Arnold Palmer, the new Galahad of the links, charged to victory in the Masters, the U.S. Open and five other tournaments, pocketing a record $75,262.85. In the Open at Denver's Cherry Hills, he came from seven strokes back on the last day, birdieing six of the first seven holes for a 30 on the front nine, and scored a 65 for the round. At the Olympic Games in Rome, Wilma Rudolph, one of 19 sisters and brothers, became the first American woman to win both sprints. She took a third gold medal, anchoring the 400-meter relay team. Running barefoot, Abebe Bikila of Ethiopia won an affecting marathon. A noisy kid from Louisville took the light-heavyweight boxing title.
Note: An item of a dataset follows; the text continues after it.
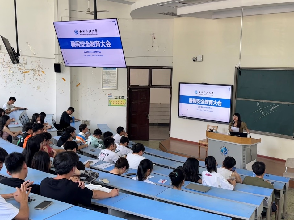 為扎實做好專業學位碩士外出實踐安全穩定工作,進一步提高暑期研究生的安全防范意識和自我保護能力,6月30日下午 14:30在思學樓B110舉行了2022級專業學位碩士實踐、實習及暑期安全教育大會,會議由輔導員程美容主持,學院實驗室主任卿大詠主講,2022級全體專業學位碩士參與。 會上,卿大詠老師從專業實踐、實習加強安全教育的重要性,外出實踐、實習、實訓者必讀內容以及高校學生安全防范及自救知識這三個方面展開講解。首先,卿老師從政策方面講述安全對于整個國家和社會的重要性。緊接著,卿老師從“安全”的定義出發,告訴同學們現代文明社會對于安全教育的重視,讓同學們務必牢記教育部對學生生產實習安全的要求以及化學化工學院對學生生產實習安全的要求,并以實際案例告誡同學們安全問題一定要高度重視、不容小視。接下來,卿老師帶領同學們一起閱讀了研究生校外實踐安全管理實施細則,其中重點講述了學生安全防范及自救知識這一章內容,他告誡同學們,在外出實踐的過程中,人身財產安全尤其重要,并且特別強調防盜防詐騙以及遠離傳銷組織。同學們在企業的工廠及實驗室進行學習和工作時,一定要遵守單位的安全管理制度,做到牢記制度、嚴格遵守、按章操作、規范執行。最后,卿老師強調相關的報警、急救電話,指導教師及相關責任人員的電話必須牢記,學生也應具備主動求生的能力以及掌握急救基本技能。 會議最后,程老師強調了暑期安全注意事項,希望同學們合理安排假期生活,提高安全防范意識,關注心理健康。充分利用假期開展自主學習活動,做好總結提升,把青春奮斗融入黨和人民的發展事業,努力成為實現中華民族偉大復興的先鋒力量!
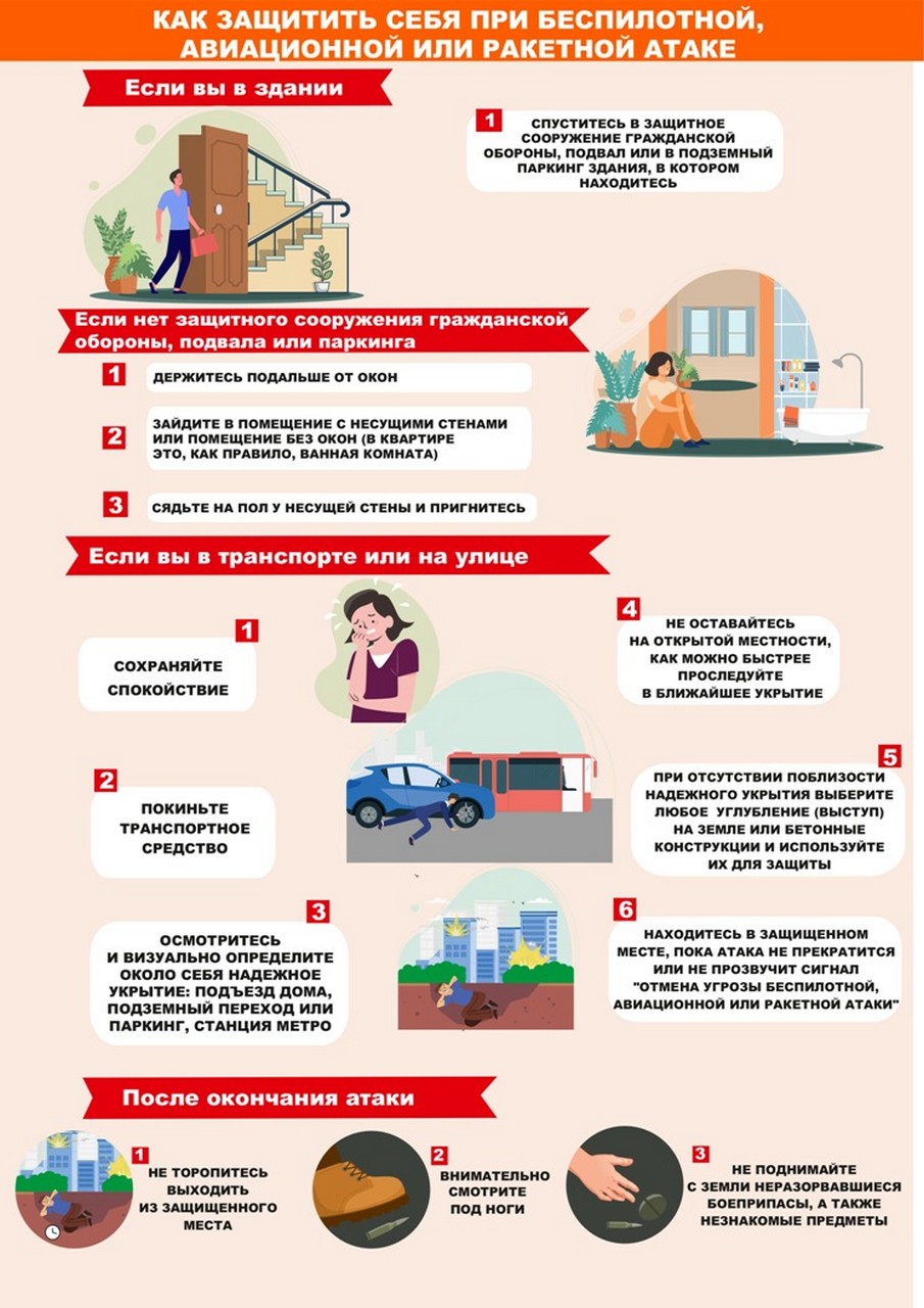 Предлагаем вам ознакомиться с памятками по действиям населения при возникновении опасности беспилотной, авиационной или ракетной атаки, катастрофического затопления, а также радиационного (химического) заражения.

The Montreal Canadiens won a record fifth straight NHL championship, and Maurice (Rocket) Richard, a wing of volatile mood and towering skill, retired. Another alltimer, Ted Williams, also retired. Bill Mazeroski won a wacky World Series for Pittsburgh with a ninth-inning homer in the seventh game. Floyd Patterson became the first fighter to regain the heavyweight championship when he knocked out Ingemar Johansson in a return match. And into the NBA came a giant among giants, name of Wilt.
Cassius Marcellus Clay Jr. won eight straight fights in this, his first full year as a professional and both charmed and annoyed boxing fans with his braggadocio. "Who made me—is me," he proclaimed and, though only 19, began making sounds about wresting the heavyweight title from Floyd Patterson. Babe Ruth's record of 60 home runs in a season was threatened over the long summer by not one man, but two—Roger Maris and Mickey Mantle of the Yankees. By the end of July Maris had 40 homers and Mantle 39. By Sept. 1 Maris had 51 and Mantle 48. After the 154th game of an American League season lengthened for the first time to 162 games, Maris was one shy of the Babe. The purists contended that he had, therefore, failed, because Ruth hit his 60 in a 154-game schedule.
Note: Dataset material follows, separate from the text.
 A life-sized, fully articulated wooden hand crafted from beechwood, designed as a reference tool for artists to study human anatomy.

But Maris kept swinging. He hit No. 60 on Sept. 26 in the 159th game, and in the final game of the season for the Yankees he smote his 61st off Boston's Tracy Stallard. Mantle finished with 54. Yielding to pressure from the Ruth preservation lobby, Baseball Commissioner Ford Frick decreed that an asterisk be placed after Maris' name in the record books and that Ruth should remain in them as the home run king of the 154-game schedule. With Mr. Asterisk and Mantle leading them, the Yankees easily defeated the Reds in the Series, four games to one.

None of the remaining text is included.